# Solve the clustering problem using QAOA¶

**Author: Cooper Midroni** cooper@entropicalabs.com

In this notebook we demonstrate a start-to-finish project workflow for using Quantum Approximate Optimization Algorithm to cluster a simple dataset. Along the way, we will explain the major concepts of QAOA and build intuition as to how QAOA can be used to solve clustering problems. This notebook will steer away from heavy mathematical explanations in favor of a higher level view of the algorithm’s core components. It is mainly geared towards users that don’t have physics background but come from computer science.

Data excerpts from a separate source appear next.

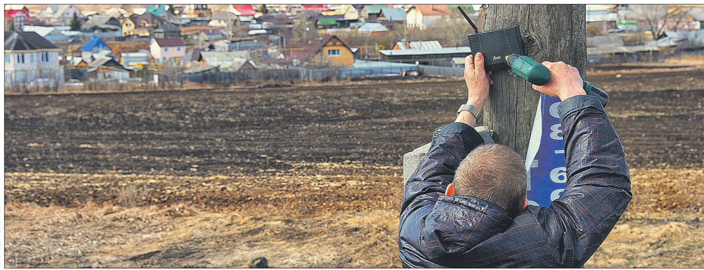
В поселках и деревнях Свердловской области появились новые вышки, раздающие беспроводной Интернет с помощью обычного роутера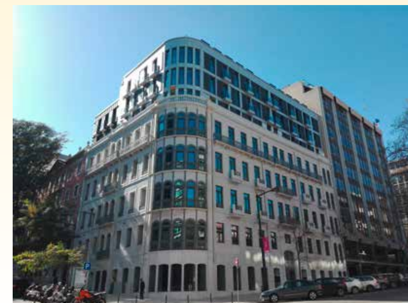
Edifício Castilho 15

O desenvolvimento contínuo de novos produtos aliado ao conhecimento e experiência adquirida junto dos seus clientes garantem um vasto leque de soluções permanentemente adaptadas à evolução verificada na construção.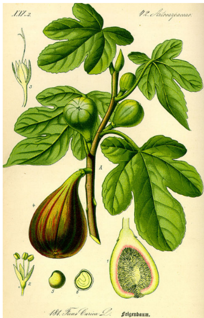
FIGURA 4. Ilustração, de uso livre, onde estão representados: A – ramo com folhas e síconos, 1 – sícono cortado longitudinalmente, 2 – flor masculina, 3 – flor feminina, 4 – sícono em fase avançada de maturação, 5 – aquênio, 6 – aquênio cortado longitudinalmente.

A reprodução sexuada das figueiras está dependente das vespas que as polinizam. A espécie Ficus carica L. é polinizada pelas vespas fêmeas da espécie Blastophaga psenes L. (FIGURA 5).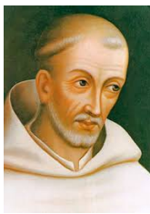
Bernard de Clairvaux (1090-1153)

Né dans une famille noble de Bourgogne, il entre en 1112 comme moine à l'abbaye de Cîteaux puis fonde, l'année suivante une nouvelle abbaye à Clairvaux. Il conseille le pape et les rois. En 1146, il prêche pour la deuxième croisade en présence du roi Louis VII. Il est canonisé en 1174 par le pape.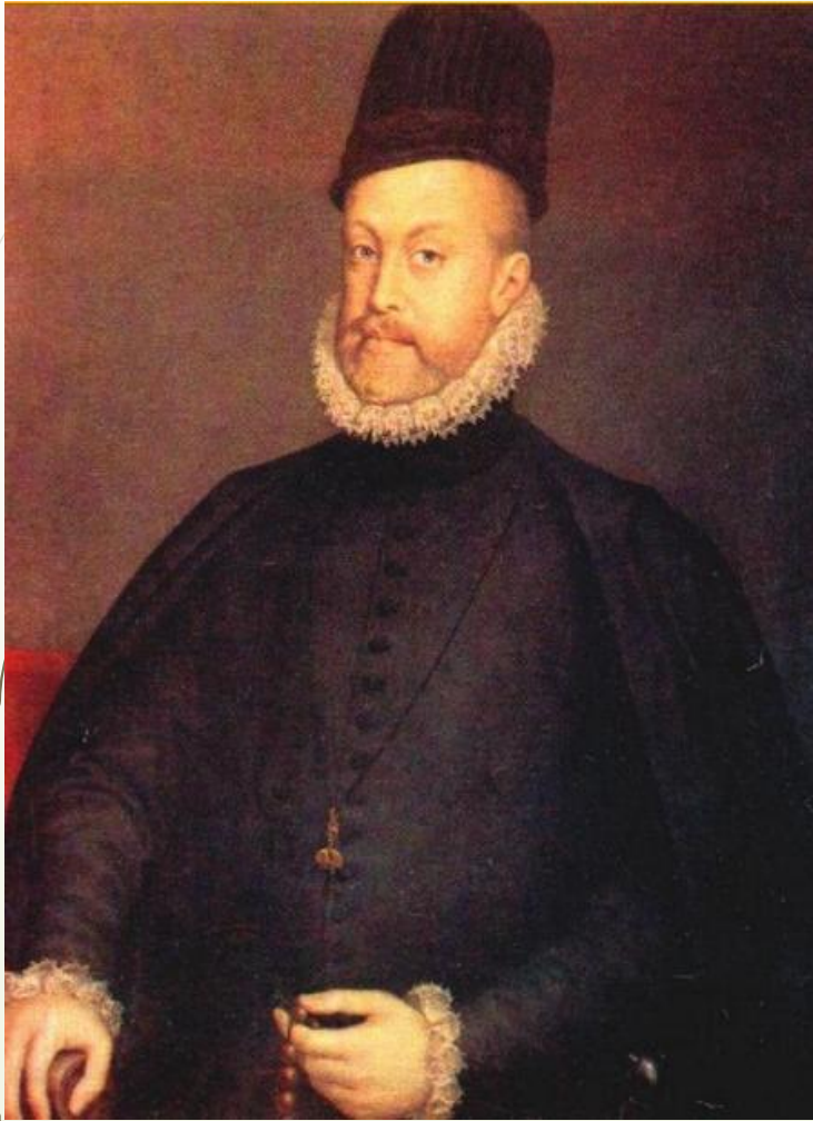
Филипп II Испанский

После Карла Нидерланды перешли к его сыну - Филиппу II Испанскому .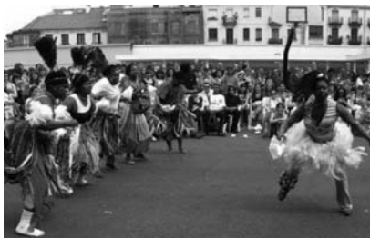
El Grupo Elkartu ofrece una danza de Guinea.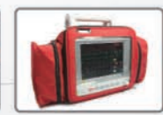
Sacoche de transport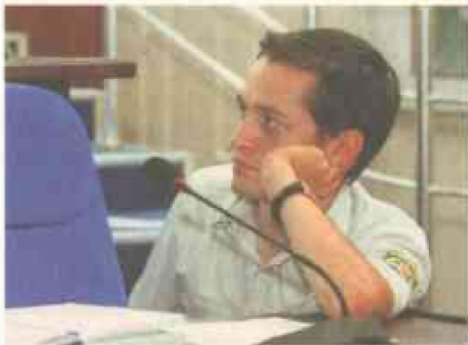
DSQning navbardagi kollegiya yig'ilishida.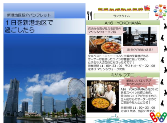
新港地区紹介パンフレットのイメージ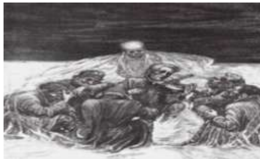
Невідомий автор. Ілюстрація до повісті – поеми О.Турянського «Поза межами болю»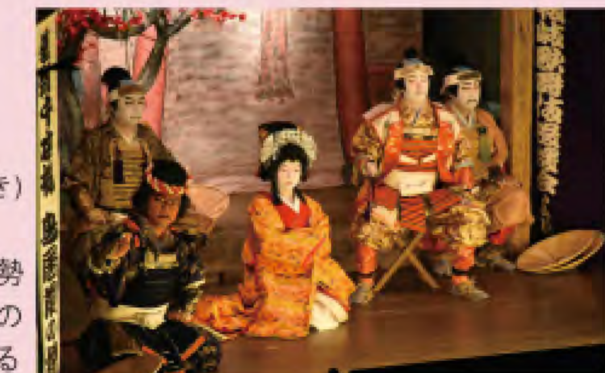
演目「義経千本桜 鳥居前の場」の一場面

檜枝岐の伝統芸能が福島市へやってくる 所 福島市・キョウウグループ・テルサホール(福島テルサ) 時 10:00、14:00 料 一般・大学生3,000円、高校生以下2,000円 (同日・同会場で開催のイベント「歳時記の郷 奥会津展in福島」で使用できるお買物券(300円分)付き) 出 千葉之家花駒座 問 福島民友新聞社営業局事業部(024)523-1334 ※福島民友新聞創刊130周年のプレ記念事業。檜枝岐歌舞伎は、江戸時代、村民がお伊勢参りの道中で見た歌舞伎を見よう見まねで伝えたのが始まりといわれ、現在も村内の「檜枝岐の舞台」(国指定重要有形民俗文化財)で年3回ほど上演している。村民でつくる伝承団体「千葉之家花駒座」が、現在残る11演目の1つ「義経千本桜 鳥居前の場」を上演する。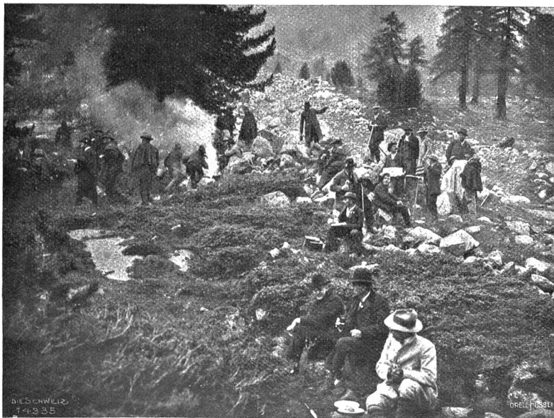
Vom Zentralfest des S. H. C. (12.—14. Sept. 1903): Picknick auf der Ghimetta bei Pontresina.

à fournir des vivres aux blessés jusqu'au moment de l'évacuation.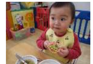
ブロッコリーもおいしいよ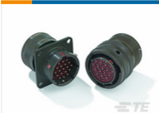
TE 产品编号ZPF000000000006528 951-06 R 10-6 S 50 A5949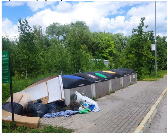
Yra stebėjimo kamera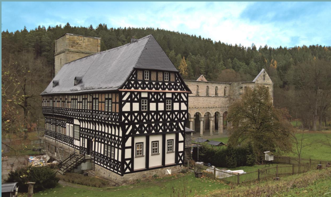
Das denkmalgeschützte Amtshaus erstrahlt nun neu

Nach fast acht Jahren Konzeptions- und Umsetzungsarbeit „Sanierung Amtshaus Paulinzella“ erfolgte am 15. Juni 2018 die feierliche Schlüsselübergabe durch den Thüringer Ministerpräsidenten. Somit wird mit einer vierjährigen Pause wieder eine ländliche Region in Thüringen mit einem Forstamt ausgestattet. Die umfangreiche Sanierung erlaubt ein umfassendes Holzerlebnis. Die herrliche Holzverwendung der Außenfassade ist auch im Innenbereich erlebbar. So ist der faszinierende Baustoff Holz, unser Hauptprodukt, auf „Schritt und Tritt“ für künftige Mitarbeiter/-innen und Gäste „greifbar“. Die Holzverwendung und -gestaltung wird in den elf Büroeinheiten, am Beispiel der innovativen Treppengestaltung in Kombination Eiche und Stahl sowie an Hand architektonisch anspruchsvoller Innengestaltung mit viel Glas einen jeden erstaunen. Bauzeitlich korrekt wird nach 543 Jahren wieder dieser herrliche Rohstoff „ Weißtanne “ als Ausgangsmaterial für den Innenausbau verwendet. Eingeschlagen in Baden – Württemberg in der Nähe des Mutterklosters Hirsau. Für uns Förster eine Motivation, auch künftig diese fast vergessene Baumart engagiert in den Thüringer Wäldern zu fördern.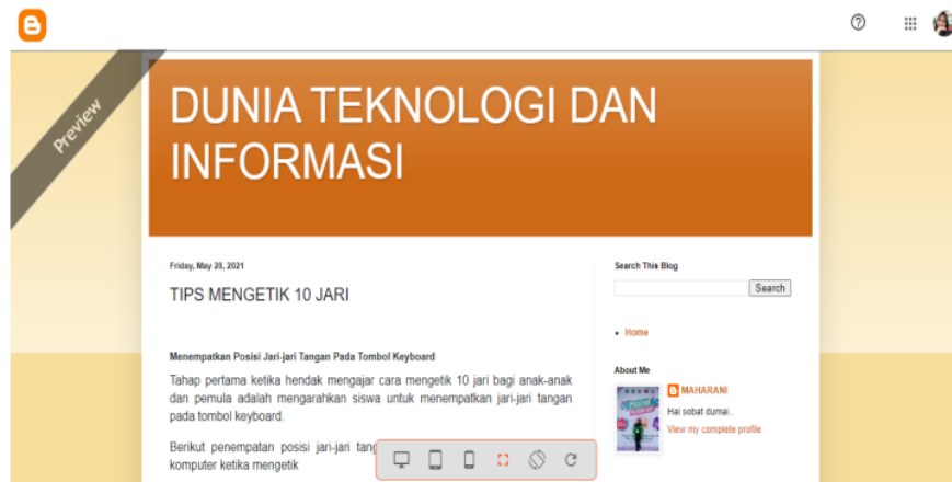
Gambar 1. Tampilan blog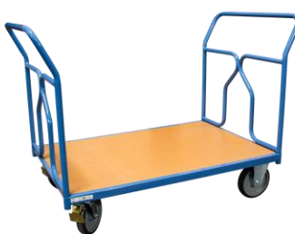
2 dossiers + 1 ridelle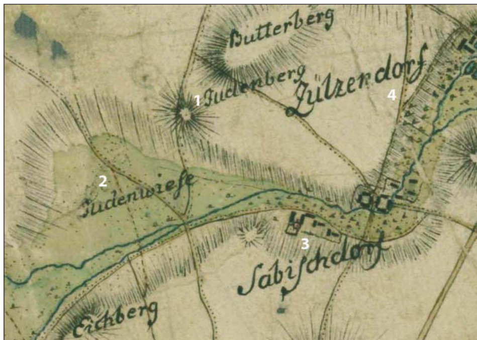
Ryc. 3. Lokalizacja cmentarza pod Świdnicą: Judenberg (1), Judenwiese (2), Zawiszów (3), Sulisławice (4). Fragment mapy Ludwika Wilhelma Reglera z lat 1764–1770. Staatsbibliothek Berlin, Preußischer Kulturbesitz, sygn. 15140, nr 58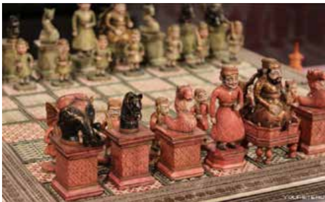
Рис. 7. Давньоіндійська версія фігурок для гри у чатурангу

Гра була популярною і за доби київських князів, про що свідчать археологічні знахідки в Тмутаракані, Білій Вежі, Києві, Вишгороді, Городні, Новгороді й інших руських містах. Вік і географія знахідок указує на те, що шахи проникли до України-Русі у X–XI ст. з південного сходу, а саме із Хазарії, і впродовж століття поширилися аж до Новгороду та Балтійського моря. До Хозарського Каганату гра мігрувала торговими шляхами від арабів через територію сучасного Азербайджану та Дагестану.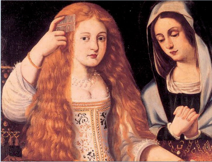
Retrato de "La Calderona"

La historia de las Damas de Comedia es decir de las mujeres en el teatro del Siglo de Oro comienza el día 17 de noviembre de 1587, fecha en que el Consejo de Castilla autorizaba la presencia de mujeres en los escenarios. Pero poniendo dos condiciones: la primera de ellas era que las actrices estuviesen casadas y fueran acompañadas por sus maridos; la segunda era que las dichas actrices siempre actuaran en ropa de mujer. A pesar de ser un mundo de hombres, algunas formaron parte del mundo teatral como actrices y también como empresarias, mecenas o escritoras.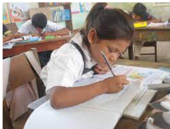
Tierra Solidaria CLM_Aramango (Perú)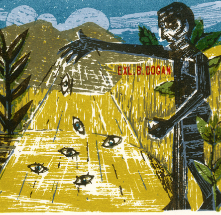
Görsel 14: Ali Doğan, “Ekslibris Bektaş Doğan”, 2010, X1 (Yüksek- Ağaç Baskı), S1 (Serigrafi Baskı), 10x10,5 cm.

Baskı resim üzerine çalışmalar yapan sanatçının yurt dışında ve içinde önemli müzelerde ekslibris çalışmaları bulunmaktadır. Sanatçının çok sayıda yarışmada ödülü bulunmaktadır.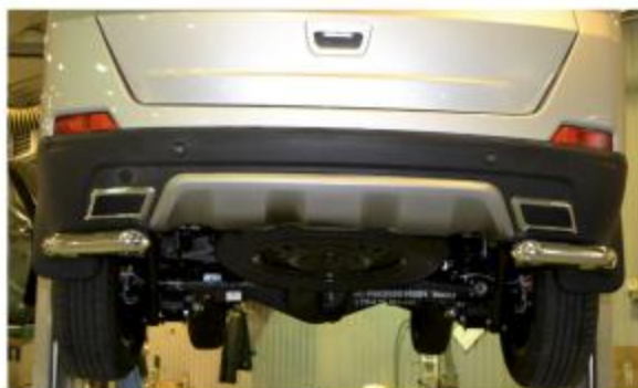
Рис. 4 - Общий вид автомобиля с защитой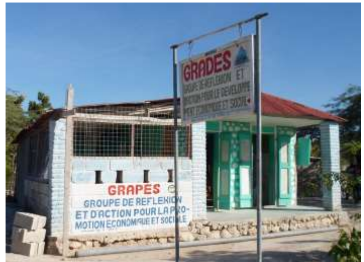
Les locaux du GRAPES, à Figuier (Anse-Rouge, Artibonite)

Enfin les 06 et 07 décembre 2013, c'était au tour de l'équipe du GAFE de se rendre à Terre-Neuve et Anse-Rouge.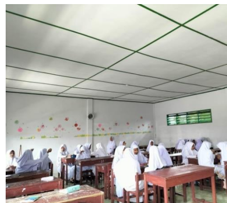
foto 1.4 siswa berdiskusi dalam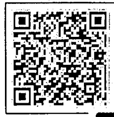
PAY by square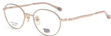
COL. 1 ピンクゴールド (リム) ピンクベージュ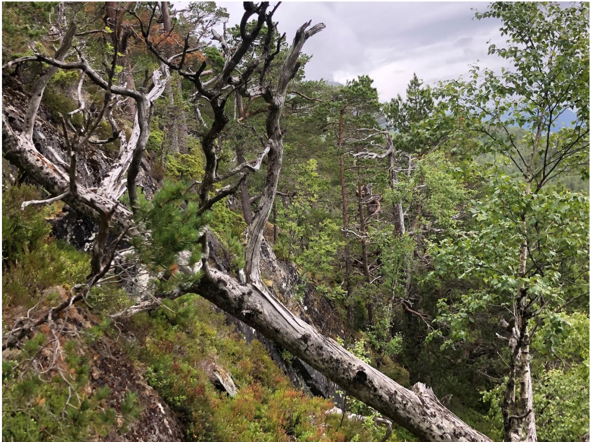
Figur 1 Det var mykje død ved i alle nedbrytingsfasar i Kudalen. Død ved er ein viktig indikator på kontinuitetsskog.

Det tilbydde området dekkjer heile gradienten frå fjord til fjell i midtre Nordfjord og ligg i ei varm li vendt mot sør- sørvest. Verneforslaget består av gammal furuskog med bjørk og osp. Mykje lungenever og hengelav er jamt fordelt i området som vart kartlagt. At området ligg i boreonemoral sone, delvis lokalisert i lågareliggjande område og har ein del areal på høgare bonitetar gjer i tillegg området relevant i vernesamanheng. Kudalen har regionale - nasjonale verneverdiar (2-3 stjerner). Rådgivende Biologer som kartla tilbodsarealet, vurderer tilbodsområdet til delvis å oppfylle manglar i skogvernet i Vestland. Statsforvaltaren var på synfaring i tilbodsarealet med grunneigar og biolog, og vurderer at det er verneverdig.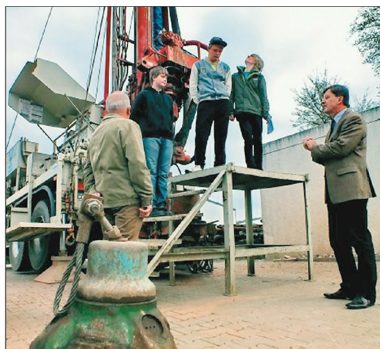
Auf dem Gelände der Familie Vormann erhielten die Schüler Informationen im Bereich Brunnenbau.

Abschließend werden Bögen verteilt, in denen jeder Schüler eintragen kann, was er an dem Aktionstag gelernt hat und inwiefern die Besichtigung geholfen hat. Die Bewertung können die Schüler für sich behalten oder mit den Lehrern im Unterricht besprechen.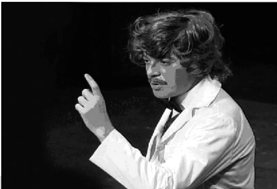
La Criatura. La Jaula Teatro. Universidad de Huelva

Las Universidades españolas disponen, en su mayoría, de formaciones teatrales que están deseando mostrar sus trabajos por otras ciudades.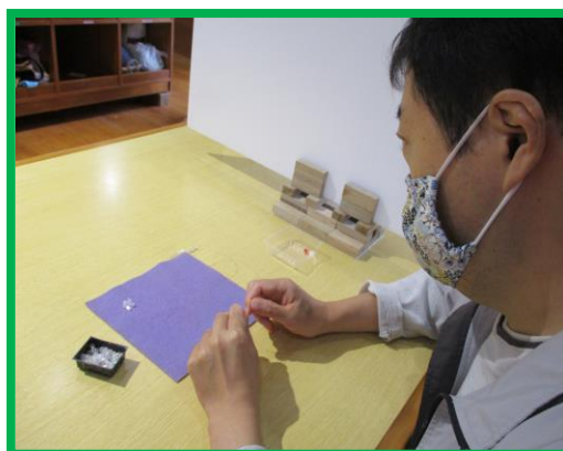
* ビーズ作業（アクセサリ作り等）

○就労継続支援B型事業では、就労能力向上を図るため、挨拶練習や学習会、地域清掃散歩などの活動も行っています。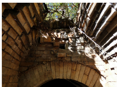
La voûte au-dessus de la porte du premier four.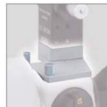
» Tonometer Mount for 870 (SO-TM2)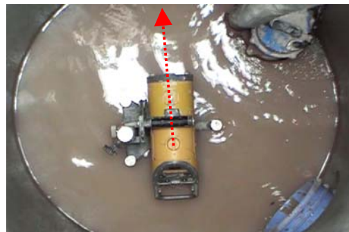
●マンホール内よりパイプレーザーで配管経路を照射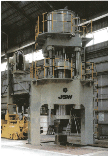
1,000トンプレス 1,000-ton forging press

銅リング 最大径 1,500mm Copper rings Maximum diameter: 1,500 mm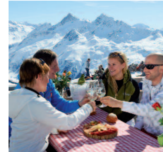
Ob beim Apres-Ski auf dem Jakobshorn oder auf der Sonnenterrasse im Walserhuus Sertig – Davos Klosters ist Sommer wie Winter ein attraktives Reiseziel.

Klosters wurde als Winter- und Sommerferienort schon vor über 100 Jahren bekannt. Ein entscheidender Impuls für seine Entwicklung zum stilvollen Ferienklassiker für Connaisseurs ereignete sich in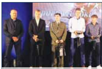
Jako Talenti roku byli oceněni hned čtyři nadějní mladíci.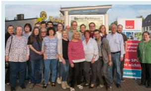
Der neu gewählte Vorstand.

Der SPD-Ortsverein Barop hat in seiner Jahreshauptversammlung am 11. April 2018 der Verlagerung des Reitervereins Dortmund vom derzeitigen Standort an den Westfalenhallen auf die Freifläche an der Stockumer Straße (neben den Kleingartenanlagen) grundsätzlich zugestimmt. Er hält die neu zu bauende Anlage im Verbund mit den benachbarten Kleingärten und der nahen Bolmke für eine Bereicherung der örtlichen Freizeit-Infrastruktur.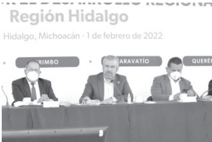
Además del turismo y medio ambiente, destacó que con el Fondo FAEISPUM, se contempla una inversión de 87.2 millones de pesos para los 10 municipios.

-Se invertirán 785.4 mdp para potenciar el desarrollo de esta región en materia de seguridad, bienestar, salud, turismo y obras públicas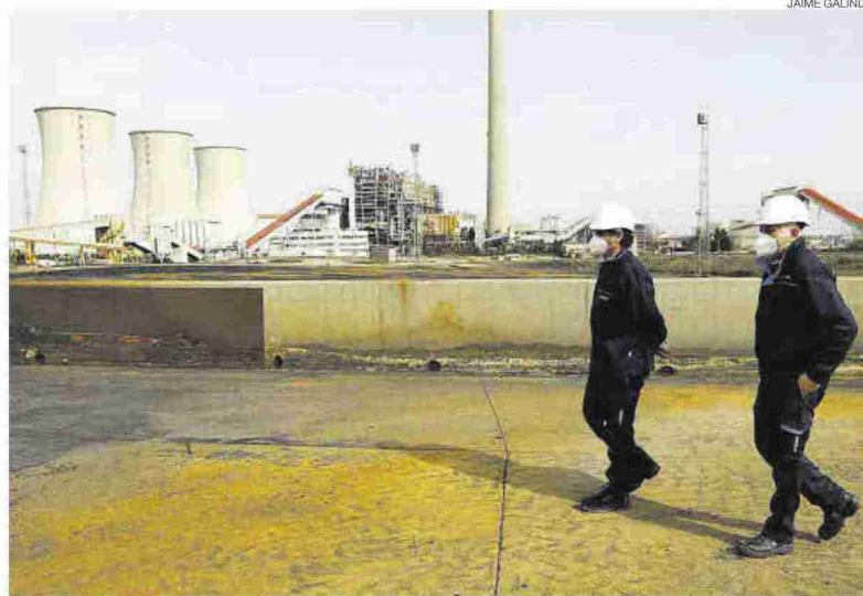
Obras de desmantelamiento de la térmica de carbón de Andorra, propiedad de Endesa.

Los proyectos ganadores se conocerán en un plazo máximo de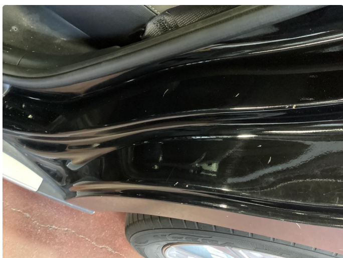
1.3 Bruksmerker i døråpning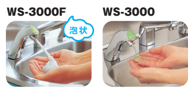
WS-3000F 泡状の石けんが吐出。 WS-3000 液状の石けんが吐出。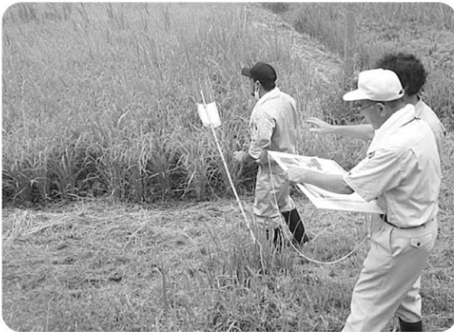
農地パトロールの様子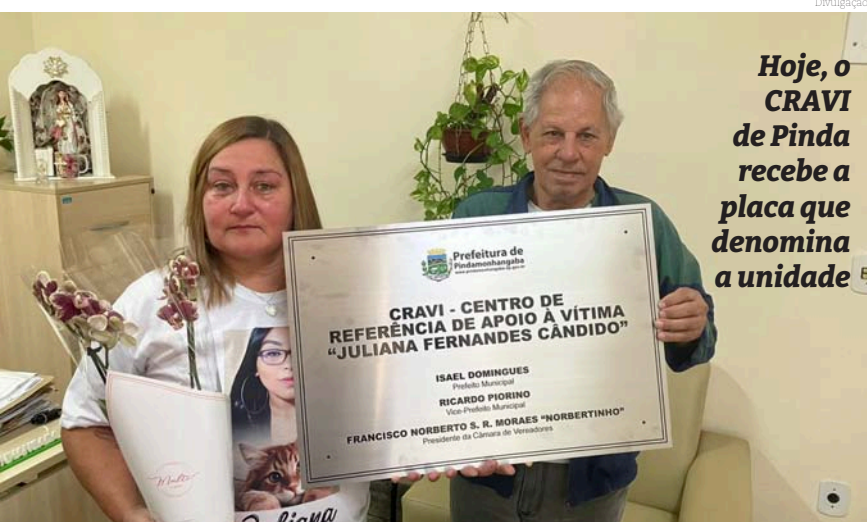
Hoje, o CRAVI de Pinda recebe a placa que denomina a unidade

Implantado oficialmente em 6 de junho de 2022, o Cravi (Centro de Referência e Apoio à Vítima) já atendeu em Pindamonhangaba 132 famílias vítimas de algum tipo de violência. O equipamento é um programa da Secretária de Justiça do Estado de São Paulo, em parceria com Prefeitura de Pindamonhangaba, através da Secretaria de Assistência Social e conta com apoio do Ministério Público.

## Variational Hybrid Algorithms¶

We often take for granted the many decades of progress that lead to
today’s widespread use of classical computers. As memory and compute
power become ever cheapened by Moore’s Law, the pressure to find optimal
resource allocations for algorithms shrinks away. However, with quantum
computers in their early stages, they still feel this daunting
requirement. In response to this, a family of algorithms known as
*variational hybrid quantum-classical algorithms* was created, with the
notion that quantum resources can be made more useful when partnered
with classical routines. The Quantum Approximate Optimization Algorithm
(QAOA), belongs to the family of variatonal hybrid algorithms.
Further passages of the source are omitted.